- [Task details]: Only the lines below from the one with "Casual summer sundress style" through the one with "Figure 1: Height measurement" are to be written out, exactly and without any images.
════════
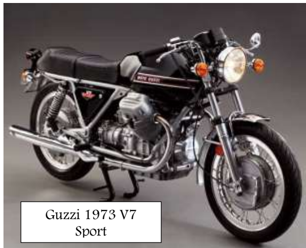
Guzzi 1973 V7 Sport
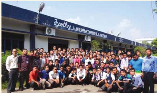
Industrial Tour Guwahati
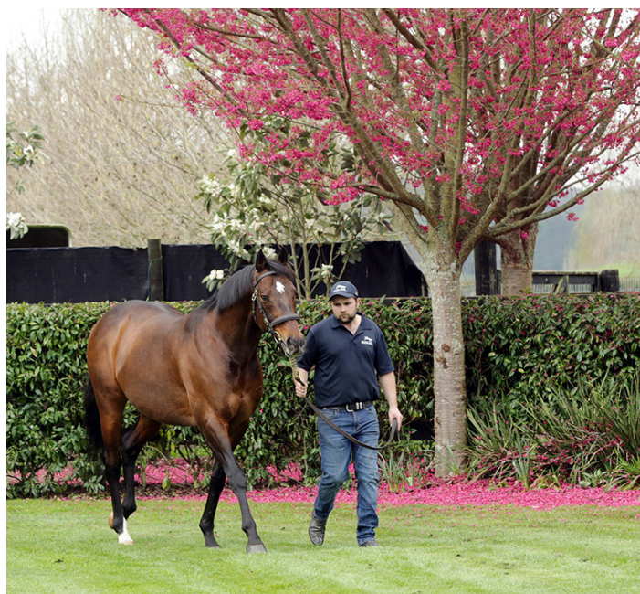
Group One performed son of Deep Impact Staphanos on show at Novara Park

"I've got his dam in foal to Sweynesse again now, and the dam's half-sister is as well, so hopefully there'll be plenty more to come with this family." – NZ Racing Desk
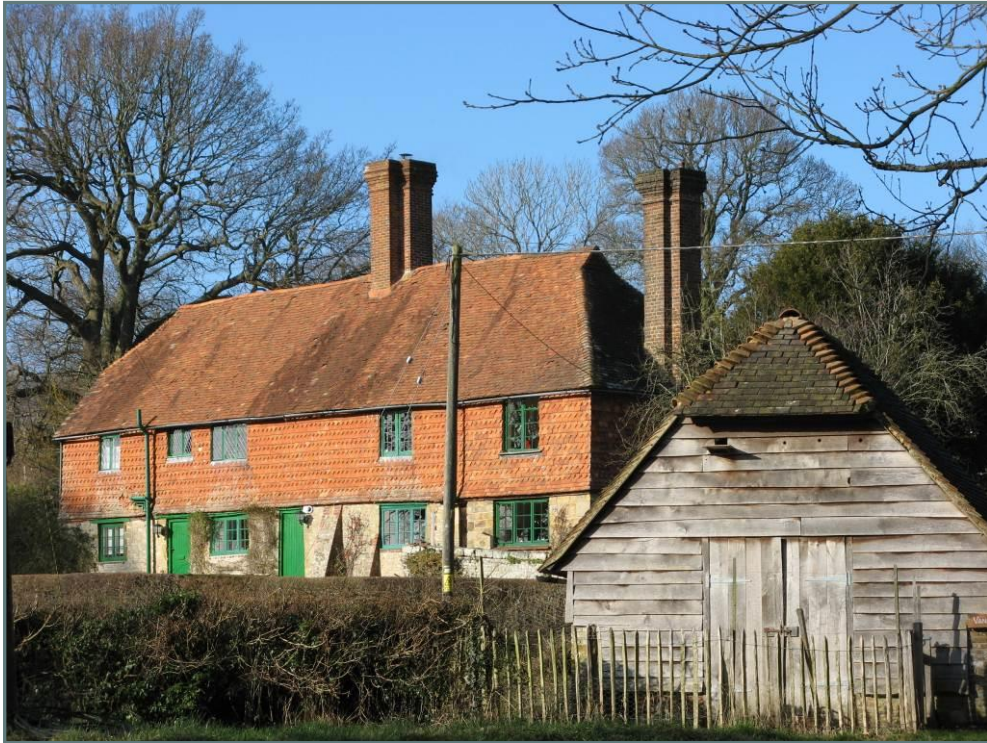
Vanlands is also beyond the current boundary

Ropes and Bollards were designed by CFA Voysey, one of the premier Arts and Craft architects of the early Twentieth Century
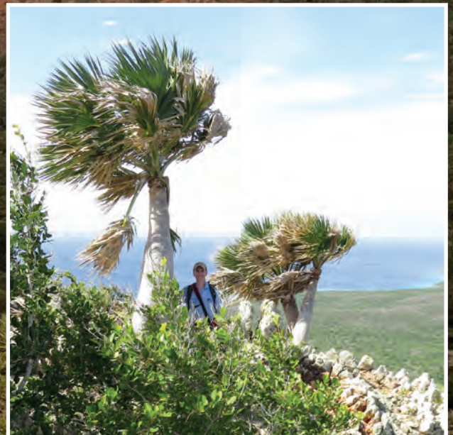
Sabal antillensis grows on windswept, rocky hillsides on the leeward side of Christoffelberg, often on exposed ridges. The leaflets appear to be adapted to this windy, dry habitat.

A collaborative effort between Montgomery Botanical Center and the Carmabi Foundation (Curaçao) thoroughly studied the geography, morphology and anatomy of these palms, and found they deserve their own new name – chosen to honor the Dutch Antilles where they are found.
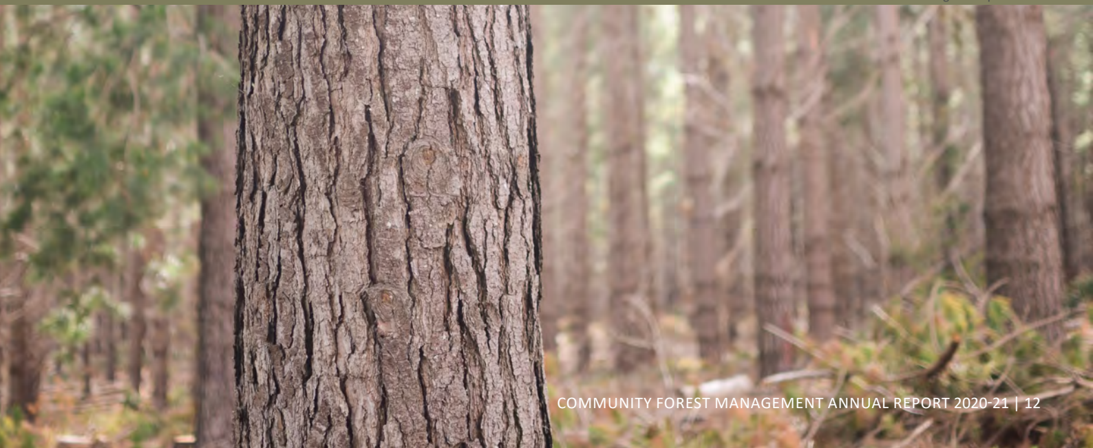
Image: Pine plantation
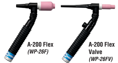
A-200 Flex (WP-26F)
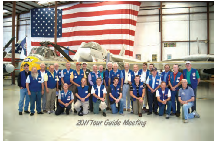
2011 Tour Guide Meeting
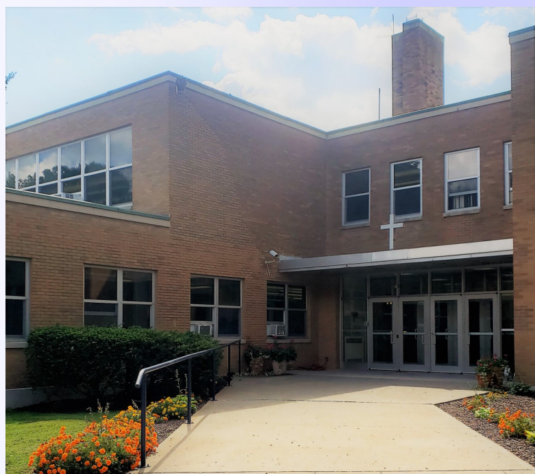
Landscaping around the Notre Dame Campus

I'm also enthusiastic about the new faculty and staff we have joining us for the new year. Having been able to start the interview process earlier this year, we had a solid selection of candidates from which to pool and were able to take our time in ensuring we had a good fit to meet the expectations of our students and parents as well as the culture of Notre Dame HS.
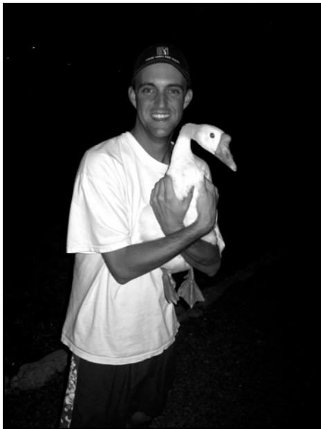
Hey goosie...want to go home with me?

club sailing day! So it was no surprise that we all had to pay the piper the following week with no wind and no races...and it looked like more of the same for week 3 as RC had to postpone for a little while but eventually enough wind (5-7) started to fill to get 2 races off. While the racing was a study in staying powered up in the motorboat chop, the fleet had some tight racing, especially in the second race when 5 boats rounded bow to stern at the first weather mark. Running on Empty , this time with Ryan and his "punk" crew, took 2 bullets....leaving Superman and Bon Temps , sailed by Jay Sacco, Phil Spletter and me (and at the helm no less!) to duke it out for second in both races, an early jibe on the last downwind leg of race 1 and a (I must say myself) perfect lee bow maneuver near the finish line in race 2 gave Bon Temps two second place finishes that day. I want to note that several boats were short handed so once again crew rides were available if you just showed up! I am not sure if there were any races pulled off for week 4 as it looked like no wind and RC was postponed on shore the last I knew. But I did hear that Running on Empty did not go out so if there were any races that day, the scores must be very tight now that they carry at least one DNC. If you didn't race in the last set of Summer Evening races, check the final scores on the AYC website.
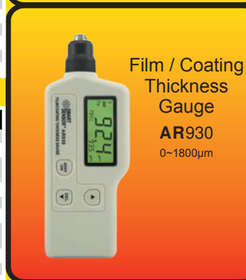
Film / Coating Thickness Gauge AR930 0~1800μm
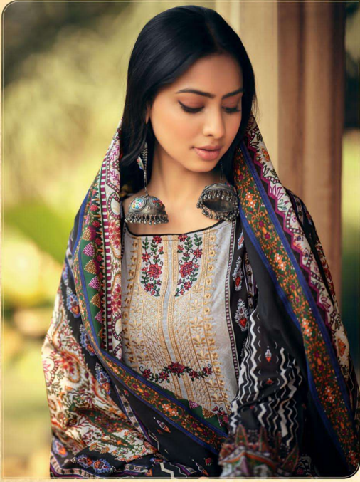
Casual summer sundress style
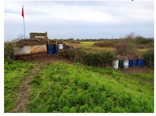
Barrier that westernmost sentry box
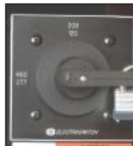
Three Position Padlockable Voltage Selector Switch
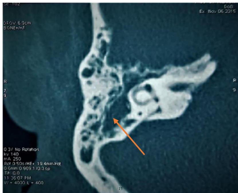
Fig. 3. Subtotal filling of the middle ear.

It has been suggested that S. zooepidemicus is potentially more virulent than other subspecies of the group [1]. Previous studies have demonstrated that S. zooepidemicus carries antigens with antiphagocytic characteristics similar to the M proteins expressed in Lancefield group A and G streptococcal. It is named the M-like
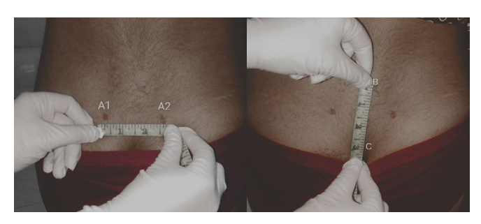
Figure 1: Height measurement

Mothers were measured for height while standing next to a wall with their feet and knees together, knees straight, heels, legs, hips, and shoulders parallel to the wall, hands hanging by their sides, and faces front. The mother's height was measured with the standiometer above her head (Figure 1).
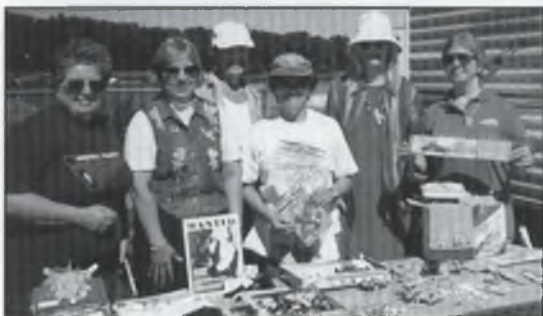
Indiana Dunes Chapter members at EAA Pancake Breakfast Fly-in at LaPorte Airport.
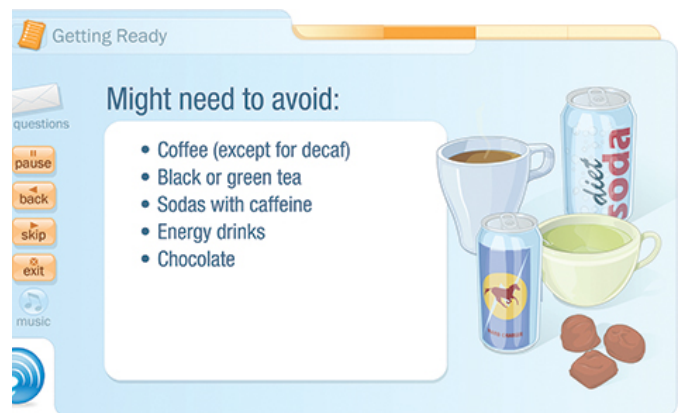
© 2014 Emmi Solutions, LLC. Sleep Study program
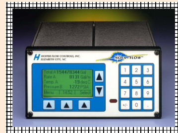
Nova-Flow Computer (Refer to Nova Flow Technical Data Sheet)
════════
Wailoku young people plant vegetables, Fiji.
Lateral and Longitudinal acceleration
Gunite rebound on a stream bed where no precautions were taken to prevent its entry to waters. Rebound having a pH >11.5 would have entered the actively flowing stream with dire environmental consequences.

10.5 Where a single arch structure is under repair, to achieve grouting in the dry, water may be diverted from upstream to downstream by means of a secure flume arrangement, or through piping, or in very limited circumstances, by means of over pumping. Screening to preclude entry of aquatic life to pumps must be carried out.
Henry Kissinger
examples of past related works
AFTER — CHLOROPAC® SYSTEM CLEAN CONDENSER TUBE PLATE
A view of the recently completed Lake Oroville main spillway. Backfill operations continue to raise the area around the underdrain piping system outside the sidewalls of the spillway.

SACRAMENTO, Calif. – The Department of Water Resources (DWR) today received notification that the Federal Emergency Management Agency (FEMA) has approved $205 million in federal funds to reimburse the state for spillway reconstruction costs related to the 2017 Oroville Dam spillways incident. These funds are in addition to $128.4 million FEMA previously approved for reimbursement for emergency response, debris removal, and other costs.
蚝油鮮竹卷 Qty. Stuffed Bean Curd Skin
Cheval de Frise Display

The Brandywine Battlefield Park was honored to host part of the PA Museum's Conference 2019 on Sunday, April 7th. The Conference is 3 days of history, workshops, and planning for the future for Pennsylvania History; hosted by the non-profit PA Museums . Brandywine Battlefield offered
════════
- [Expected answer]:
Casual summer sundress style
Barrier that westernmost sentry box
Three Position Padlockable Voltage Selector Switch
Fig. 3. Subtotal filling of the middle ear.

It has been suggested that S. zooepidemicus is potentially more virulent than other subspecies of the group [1]. Previous studies have demonstrated that S. zooepidemicus carries antigens with antiphagocytic characteristics similar to the M proteins expressed in Lancefield group A and G streptococcal. It is named the M-like
Figure 1: Height measurement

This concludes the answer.